7.1 Learning Objectives

By the end of this chapter, you will be able to

  1. Understand why we use TMLE for effect estimation.
  2. Use tmle3 to estimate an Average Treatment Effect (ATE).
  3. Understand how to use tmle3 “Specs” objects.
  4. Fit tmle3 for a custom set of target parameters.
  5. Use the delta method to estimate transformations of target parameters.

7.2 Introduction

In the previous chapter on sl3 we learned how to estimate a regression function like \(\mathbb{E}[Y \mid X]\) from data. That’s an important first step in learning from data, but how can we use this predictive model to estimate statistical and causal effects?

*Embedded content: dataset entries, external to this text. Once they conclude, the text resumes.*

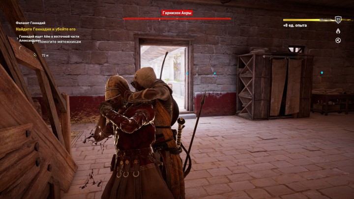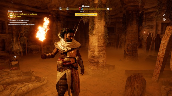 История развивается постепенно. Вначале есть бодрый старт, первое убийство на пути мести и постепенное знакомство с особенностями игрового мира по мере выполнения заданий в одном из селений. Далее герой воссоединяется с женой, которая оказывается приближенным лицом Клеопатры, и тут повествование выходит на более высокий уровень. Хвосты тайного Ордена тянуться в разные регионы Египта, за масками стоят крупные люди. Иногда эти убийства приводят к явным потрясениям. Где-то мы спасаем жителей от строящего козни злодея, но иногда негодяй проявляет неожиданную добродетель и выступает с иной стороны.
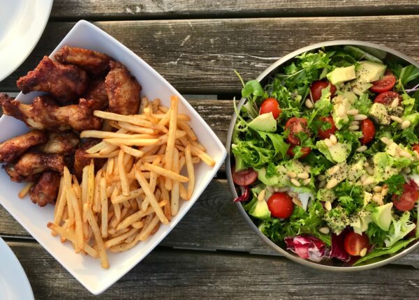 The fries are home made and air fried so as healthy as you can get for a chip. And the chicken wings can be made using home made sauce or a bought sauce if you prefer.
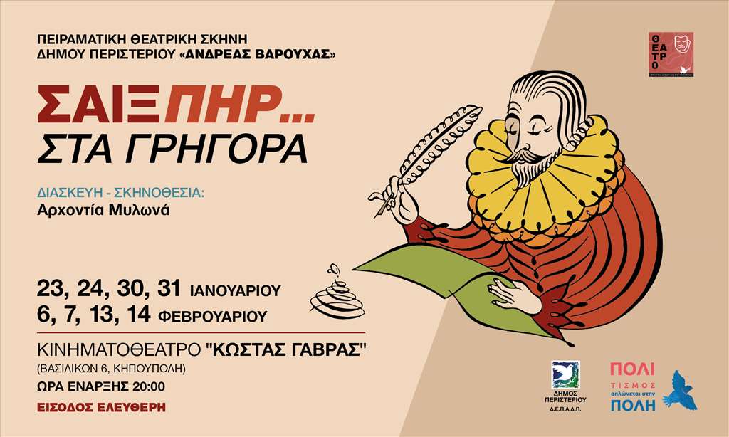 Ο Δήμαρχος Περιστερίου, Ανδρέας Π. Παχατουρίδης, προσκαλεί τους πολίτες στη θεατρική παράσταση «Σαίξπηρ… στα γρήγορα», που παρουσιάζει η Πειραματική
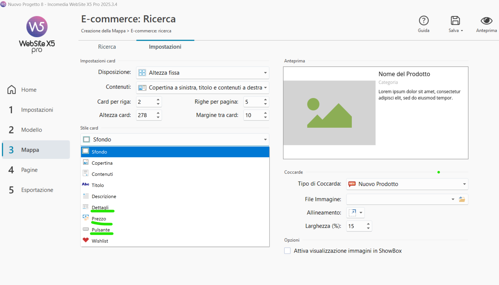 Vai al Passo 3 Mappa, vai in basso nelle Pgine Speciali, fai doppio click su "E-commerce: ricerca" e nella scheda che si apre vai in Impostazioni. Da lì clicca sulla casella STILE CARD a sinistra e scegli le voci barrate in verde nell'immagine sotto, puoi decidere se farle visualizzare o no selezionando le apposite caselle di visualizzazione.
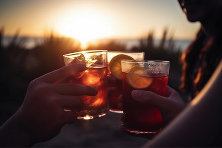 Close up of people toasting with alcoholic drink on a beach, created with Generative AI technology.

Going back to the roadmap for targeted learning, suppose we’d like to estimate the effect of a treatment variable \(A\) on an outcome \(Y\). As discussed, one potential parameter that characterizes that effect is the Average Treatment Effect (ATE), defined as \(\psi_0 = \mathbb{E}_W[\mathbb{E}[Y \mid A=1,W] - \mathbb{E}[Y \mid A=0,W]]\) and interpreted as the difference in mean outcome under when treatment \(A=1\) and \(A=0\), averaging over the distribution of covariates \(W\). We’ll illustrate several potential estimators for this parameter, and motivate the use of the TMLE (targeted maximum likelihood estimation; targeted minimum loss-based estimation) framework, using the following example data:

The small ticks on the right indicate the mean outcomes (averaging over \(W\)) under \(A=1\) and \(A=0\) respectively, so their difference is the quantity we’d like to estimate.

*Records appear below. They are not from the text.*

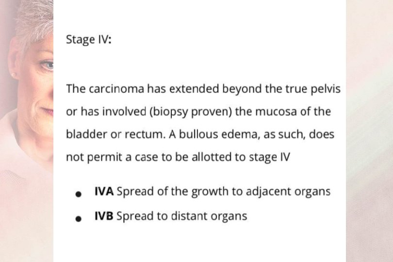 FIGO Staging 2019 Sage IV : Carcinoma extends beyond the true pelvis or invades the bladder and/or the rectal mucosa IVA : Invasion of the bladder and/ or the rectal mucosa IVB : Distant metastasis
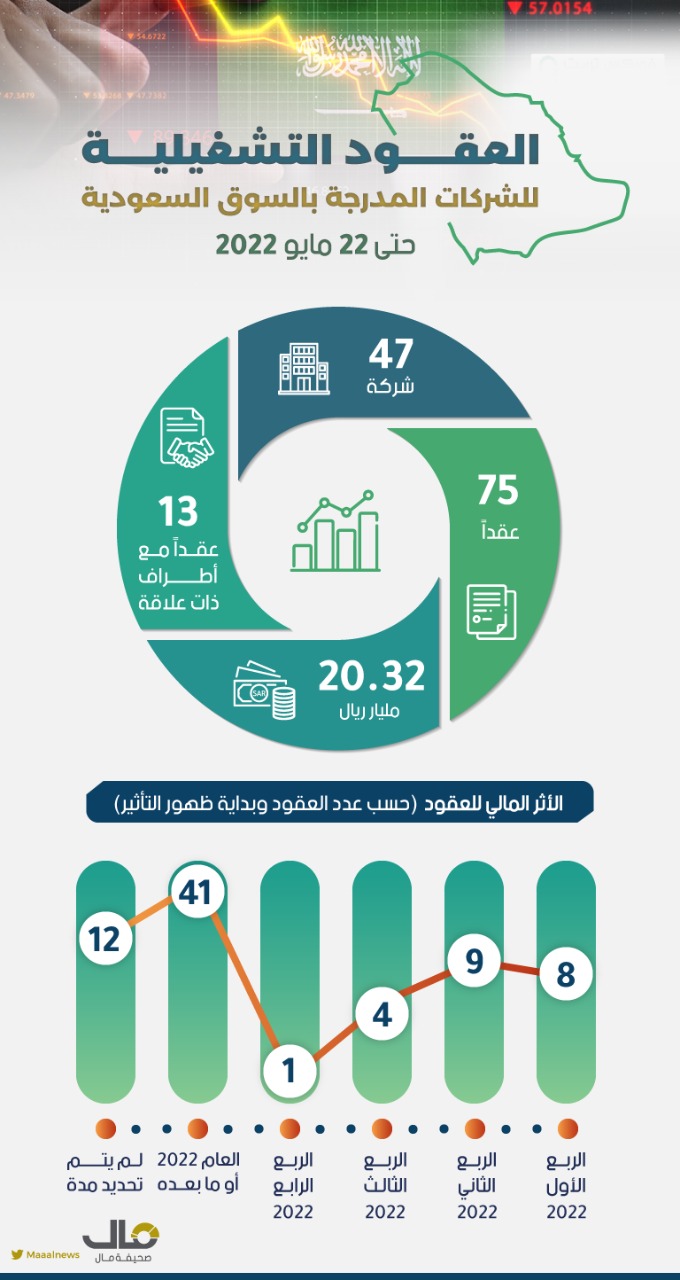 كشف رصد لصحيفة مال عن قيام 47 شركة مدرجة بالسوق المالية بتوقيع 75عقداً تشغيلياً منذ بداية العام 2022 وحتى نهاية يوم الأحد 22 مايو الجاري، تم الإعلان عن قيمة 63 عقداً منها وبلغت قيمتها الإجمالية 20.32 مليار ريال، بينما لم يتم تحديد قيمة 12 عقداً منها، حيث كانت مرتبطة بأنشطة يتم تنفيذها على فترات وبقيم متغيرة حسب طبيعة النشاط، ومنها 13 عقداً مع أطراف ذات علاقة (8 منها لشركات تأمين).
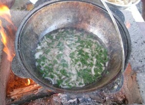 Нарезанный лук перекладываем в кастрюлю, добавляем к нему мясо, часть свежей зелени, стебли чеснока, молотый перец и заливаем бульон так, чтобы он прикрывал содержимое кастрюли наполовину.
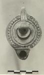 | Description: | Part of right side broken away. On discus, crescent; on rim, raised dots. Handle, unpierced, grooved, double above and below. On reverse, concentric grooves. Glaze wash dull red and flaky. Buff clay. Type XXVIII of Corinth collection. | |
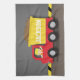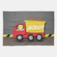 Caractéristiques de conception un petit garçon mignon de constructeur dans un casquette de sécurité et un gilet orange conduisant un camion à benne basculante rouge. La conception est traitée avec un effet d'ombre qui fait le bruit de conception. Un motif incliné jaune et noir de rayures à l'arrière-plan qui est généralement trouvé dans des zones et des sites de construction grands pour les garçons qui aiment des véhicules de construction et des jouets de camion ! Personnalisez avec le nom de l'enfant pour le rendre extra spécial !
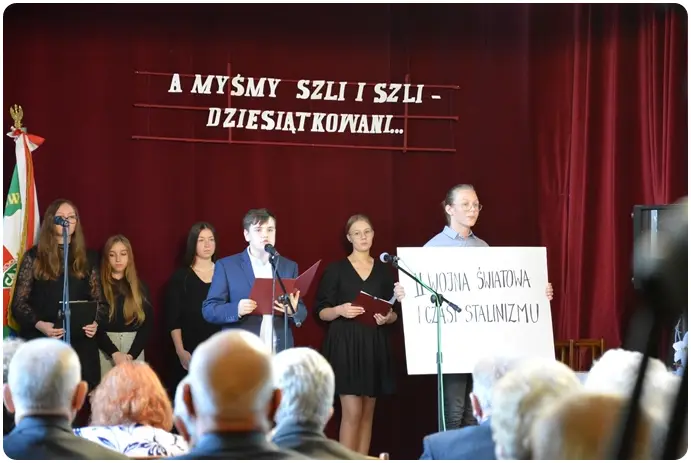 Spotkanie okolicznościowe w hołdzie żyjącym Zesłańcom Sybiru występem uświetnili uczniowie Szkoły Podstawowej Nr 15 im. Adama Mickiewicza w Przemyślu. Od wielu lat Dyrekcja Szkoły i Nauczyciele współpracują z przemyskim Oddziałem Związku Sybiraków czynnie angażując się w projekty skierowane do młodzieży. Do występu uczniów przygotowali nauczyciele: Pani Monika Góruk, Pan Marcin Duma i Pan Łukasz Cebeńko.
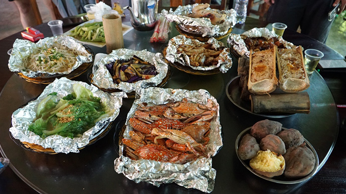 如果你还在为刚刚买下的新鲜海鲜的后续犯难,我建议你到镇上的吉海土窑鸡饭店寻找另一种烹饪方法,品尝独具特色的海鲜大餐。这种土窑烹饪方式是大多数农村孩子小时候的记忆,先堆好圆形土基,再将挖出的土块按大小层层排列而上,每搭一层都要往里面收一点,直至封顶,封顶后检查窑四周,将大洞用土块补好。土窑垒砌好后,在土窑中点燃柴火,将土块烧至红热,接着,用铁锹将烧好土块拍成沙状,铺一层热砂在底,再将锡箔纸裹好食物投进砂里,最后在上面覆上热砂掩埋,用热砂烹饪食物。这样做出来的食物,不仅能锁住食材的原滋原味和水分,也更加的清香。随着时间长短,热砂覆盖下的食材也逐渐变成了一道道美味佳肴。当然,如果要评出这里的头牌食物,当然要算土窑鸡了,土窑盐焗出来的鸡既没有了炭烤的焦味,也没有了白斩鸡的硬韧,留下的是鸡肉本身的香气和清甜,入口软嫩,细腻爽口,若配上土窑烘出来的竹筒饭,更是另一番风味。
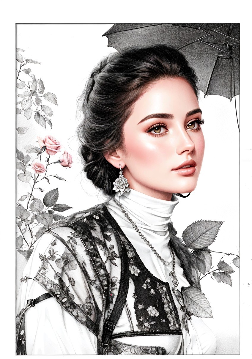 A portrait of a woman with braided hair and a leather jacket, posing against a backdrop of roses and leaves.
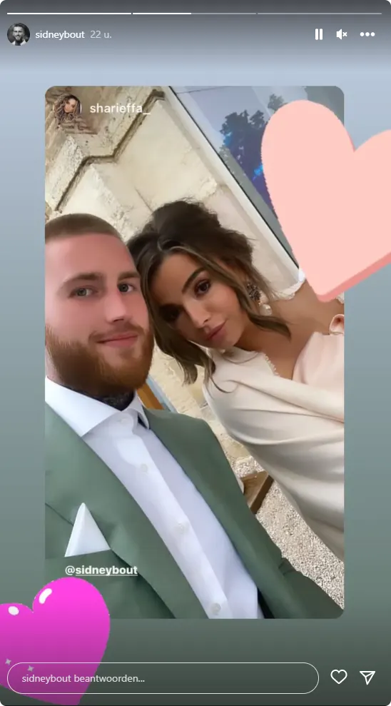 Sidney is inmiddels al een tijdje gelukkig met Sharieffa. En nu zijn de twee tortelduifjes, man en vrouw! Bij een prachtig kiekje schrijft Sidney: "She said yes!"
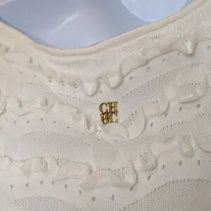 Carolina Herrera Cream Ruffle Knit Body Contouring Long Dress Size XS
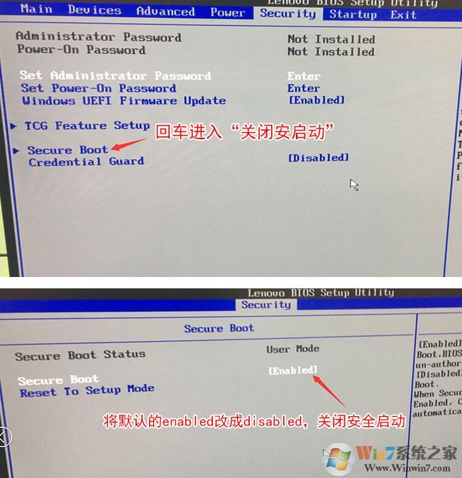 1、开机一直按F2或(FN+F2)进入BIOS,按→方向键切换到Security,选择Secure Boot回车设置成Disabled;
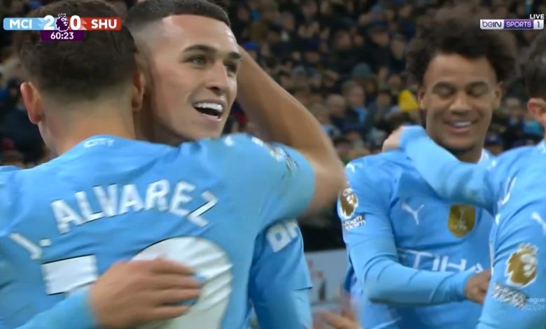 هدف مانشستر سيتي الثاني في مرمي شيفيلد يونايتد بالدوري الانجليزي
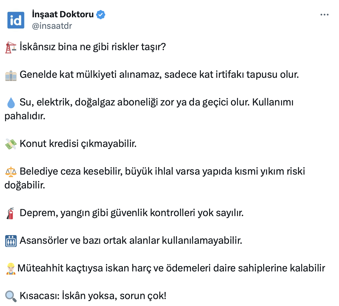 İnşaat Doktoru yaptığı paylaşımda iskansız binanın ne gibi riskler taşıdığını açıkladı.

While we hope to motivate the application of TMLE in this chapter, we refer the interested reader to the two Targeted Learning books and associated works for full technical details.

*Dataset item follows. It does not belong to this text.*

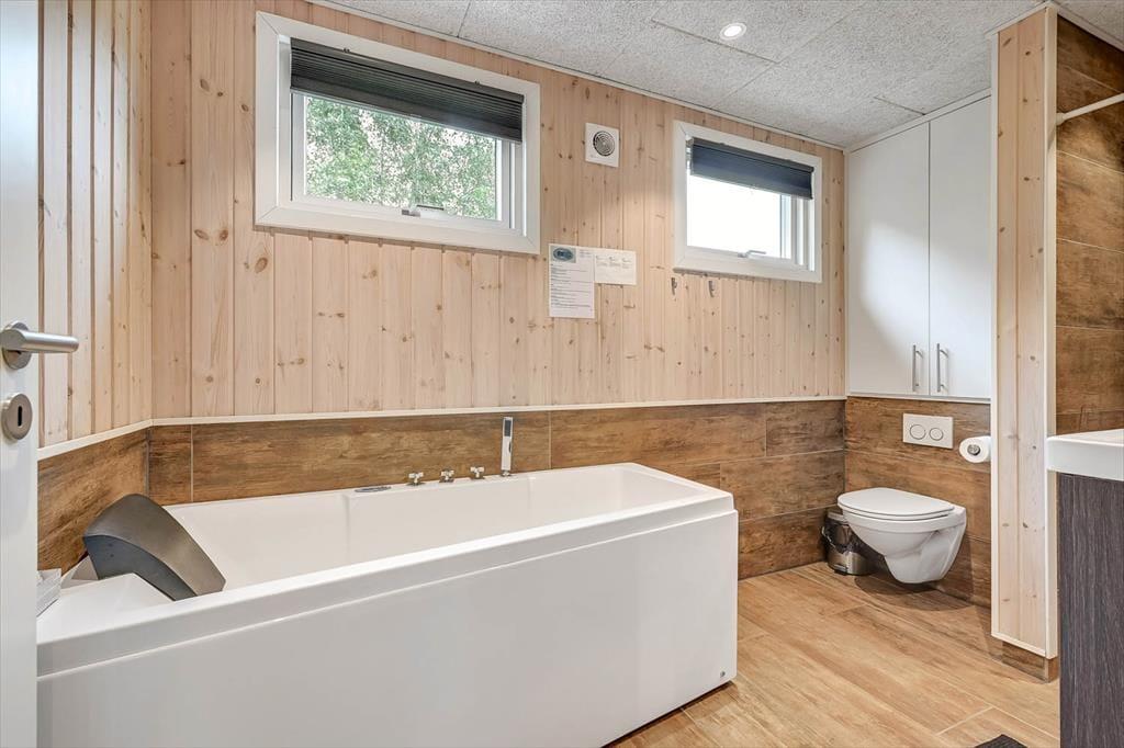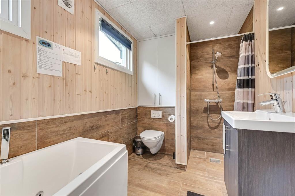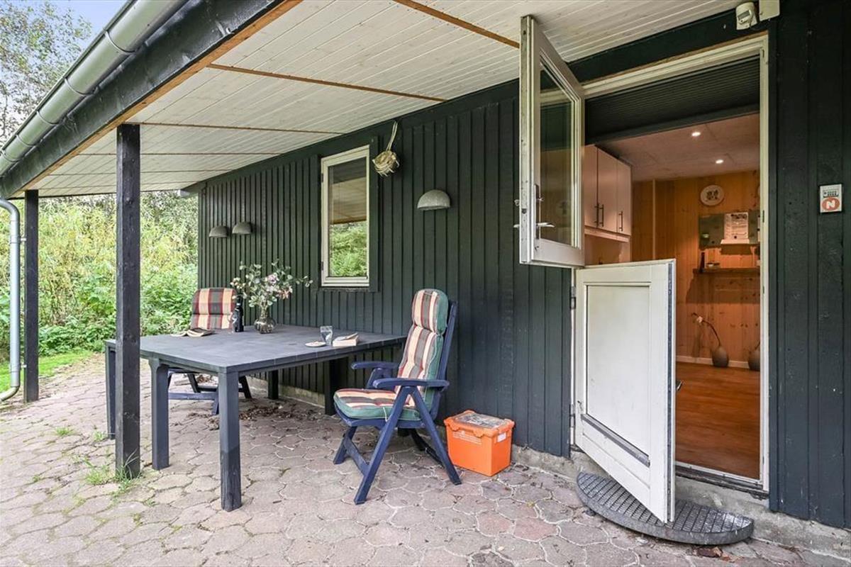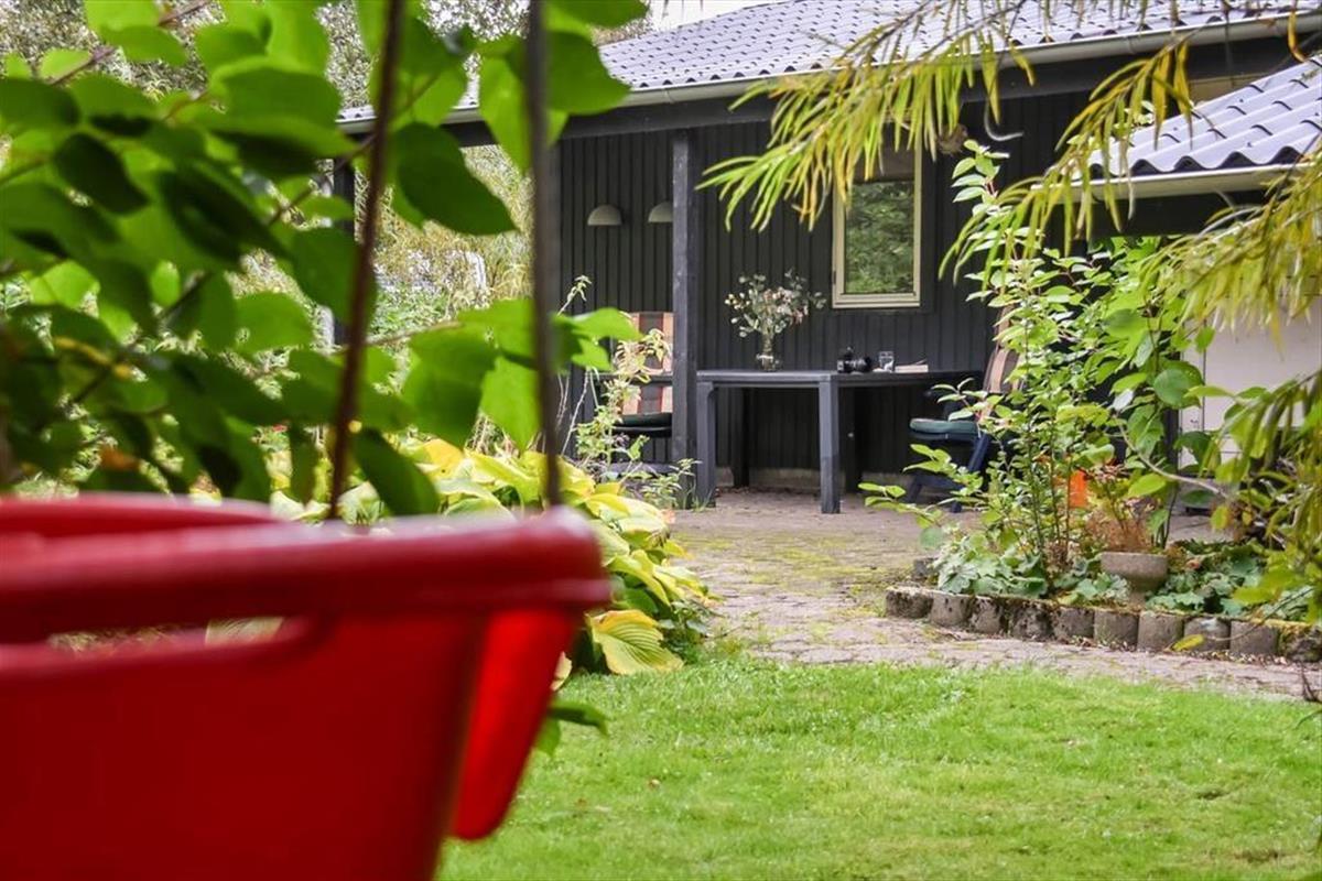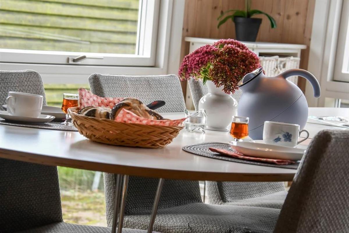 Draußen erwartet dich ein schöner Garten, der zu Entspannung und kleinen Abenteuern einlädt. Die Terrasse ist der perfekte Ort für die ruhigen Momente des Tages – vom Morgenkaffee in der Sonne bis zum Abendessen, das in der frischen westjütländischen Luft gleich noch gemütlicher schmeckt. Der Garten bietet sowohl geschützte Ecken, in denen du dem Zwitschern der Vögel lauschen kannst, als auch offene Bereiche für Ballspiele und gemeinsame Aktivitäten. Ein besonderes Highlight ist das gemütliche Shelter, das bereitsteht für Feriengäste, die bei gutem Wetter unter freiem Himmel übernachten möchten. Hier spürst du die besondere Ruhe, die es nur frühmorgens in einem Ferienhausgebiet gibt – mit Tau im Gras und dem leisen Klang des Fjords in der Ferne. Das verleiht deinem Urlaub eine Extraportion Nähe zur Natur.

7.3 Substitution Estimators

We can use sl3 to fit a Super Learner or other regression model to estimate the outcome regression function \(\mathbb{E}_0[Y \mid A,W]\), which we often refer to as \(\overline{Q}_0(A,W)\) and whose estimate we denote \(\overline{Q}_n(A,W)\). To construct an estimate of the ATE \(\psi_n\), we need only “plug-in” the estimates of \(\overline{Q}_n(A,W)\), evaluated at the two intervention contrasts, to the corresponding ATE “plug-in” formula: \(\psi_n = \frac{1}{n}\sum(\overline{Q}_n(1,W)-\overline{Q}_n(0,W))\). This kind of estimator is called a plug-in or substitution estimator, since accurate estimates \(\psi_n\) of the parameter \(\psi_0\) may be obtained by substituting estimates \(\overline{Q}_n(A,W)\) for the relevant regression functions \(\overline{Q}_0(A,W)\) themselves.

Applying sl3 to estimate the outcome regression in our example, we can see that the ensemble machine learning predictions fit the data quite well:

The solid lines indicate the sl3 estimate of the regression function, with the dotted lines indicating the tmle3 updates (described below).

While substitution estimators are intuitive, naively using this approach with a Super Learner estimate of \(\overline{Q}_0(A,W)\) has several limitations. First, Super Learner is selecting learner weights to minimize risk across the entire regression function, instead of “targeting” the ATE parameter we hope to estimate, leading to biased estimation. That is, sl3 is trying to do well on the full regression curve on the left, instead of focusing on the small ticks on the right. What’s more, the sampling distribution of this approach is not asymptotically linear, and therefore inference is not possible.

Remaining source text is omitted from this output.